[Biopython-dev] [Bug 2825] Parsing whole genome sequencing (WGS) Genbank records
bugzilla-daemon at portal.open-bio.org
bugzilla-daemon at portal.open-bio.org
Fri May 8 23:12:43 UTC 2009
http://bugzilla.open-bio.org/show_bug.cgi?id=2825
------- Comment #2 from david.wyllie at ndm.ox.ac.uk 2009-05-08 19:12 EST -------
Thank you for your help.
I just wanted to extract the WGS line, which I'm able to do.
(In reply to comment #1)
> Hi David,
>
> This is not expected to work in Bio.SeqIO or Bio.GenBank at the moment. For
> the LOCUS line we expect things like "123 aa" for proteins, or "123 bp" for
> nucleotides. Here you have "353 rc" (rc for record count), which as our error
> message says, is unexpected. At the end of the record, there are also WGS
> and/or WGS_SCAFLD lines to worry about:
>
> http://www.ncbi.nlm.nih.gov/Genbank/wgs.html
> http://www.bio.net/bionet/mm/genbankb/2009-January/000299.html
>
> Given these WGS files have no sequence, and no real sequence associated
> features either, it stikes me that supporting this in Bio.SeqIO is a stretch
> (these records are not really sequences, nor are they about a sequence).
>
> However, Bio.GenBank should perhaps be updated to cope... so I'll leave this
> bug open for that as a possible enhancement. Note I have changed the bug title
> from "SeqIO does not successfully parse Genbank records related to whole genome
> sequencing deposits, as Did not recognise the LOCUS line layout", to "Parsing
> whole genome sequencing (WGS) Genbank records", and changed the bug priority to
> an enhancement.
>
> What information do you want from this file? In the meantime, I suggest you
> fetch the record as XML, which you can parse using Bio.Entrez.read() or your
> XML parser of choice.
>
> Peter
>
> P.S. This is a shorter way to dump the file to screen in python:
>
> >>> from Bio import Entrez
> >>> handle = Entrez.efetch(db="nucleotide", rettype="gb", id="162285818")
> >>> print handle.read()
> LOCUS ABIN01000000 353 rc DNA linear BCT 10-DEC-2007
> DEFINITION Mycobacterium intracellulare ATCC 13950, whole genome shotgun
> sequencing project.
> ACCESSION ABIN00000000
> VERSION ABIN00000000.1 GI:162285818
> DBLINK Project:27955
> KEYWORDS WGS.
> SOURCE Mycobacterium intracellulare ATCC 13950
> ORGANISM Mycobacterium intracellulare ATCC 13950
> Bacteria; Actinobacteria; Actinobacteridae; Actinomycetales;
> Corynebacterineae; Mycobacteriaceae; Mycobacterium; Mycobacterium
> avium complex (MAC).
> REFERENCE 1 (bases 1 to 353)
> AUTHORS Turenne,C., Alexander,D., Nagy,C., Leveque,G., Dias,J.,
> Forgetta,V., Barreau,G., Lepage,P., Dewar,K. and Behr,M.

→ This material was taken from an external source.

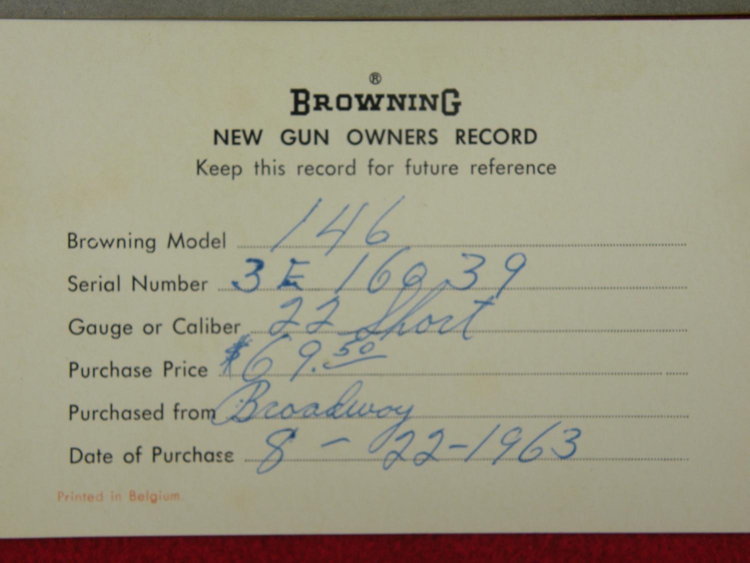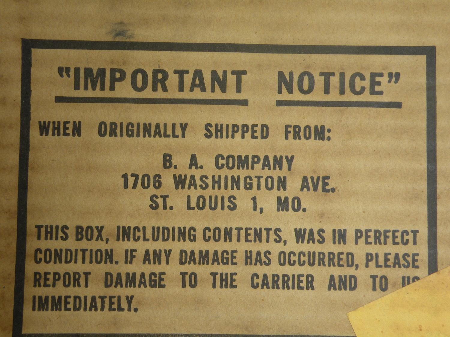 Purchased In 1963 From Broadway Tire Highland IL. Never Fired Never Assembled! LNIB New owners record Card, Manual, Box, Original Shipping Box From B.A. Company St. Louis. Unique Find! SN 3E16039

> TITLE Mycobacterium intracellulare Genome Project
> JOURNAL Unpublished
> REFERENCE 2 (bases 1 to 353)
> AUTHORS Turenne,C., Alexander,D., Nagy,C., Leveque,G., Dias,J.,
> Forgetta,V., Barreau,G., Lepage,P., Dewar,K. and Behr,M.
> TITLE Direct Submission
> JOURNAL Submitted (30-NOV-2007) McGill University and Genome Quebec
> Innovation Centre, 740 Avenue Docteur Penfield, Montreal, Quebec
> H3A 1A4, Canada
> COMMENT The Mycobacterium intracellulare ATCC 13950 whole genome shotgun
> (WGS) project has the project accession ABIN00000000. This version
> of the project (01) has the accession number ABIN01000000, and
> consists of sequences ABIN01000001-ABIN01000353.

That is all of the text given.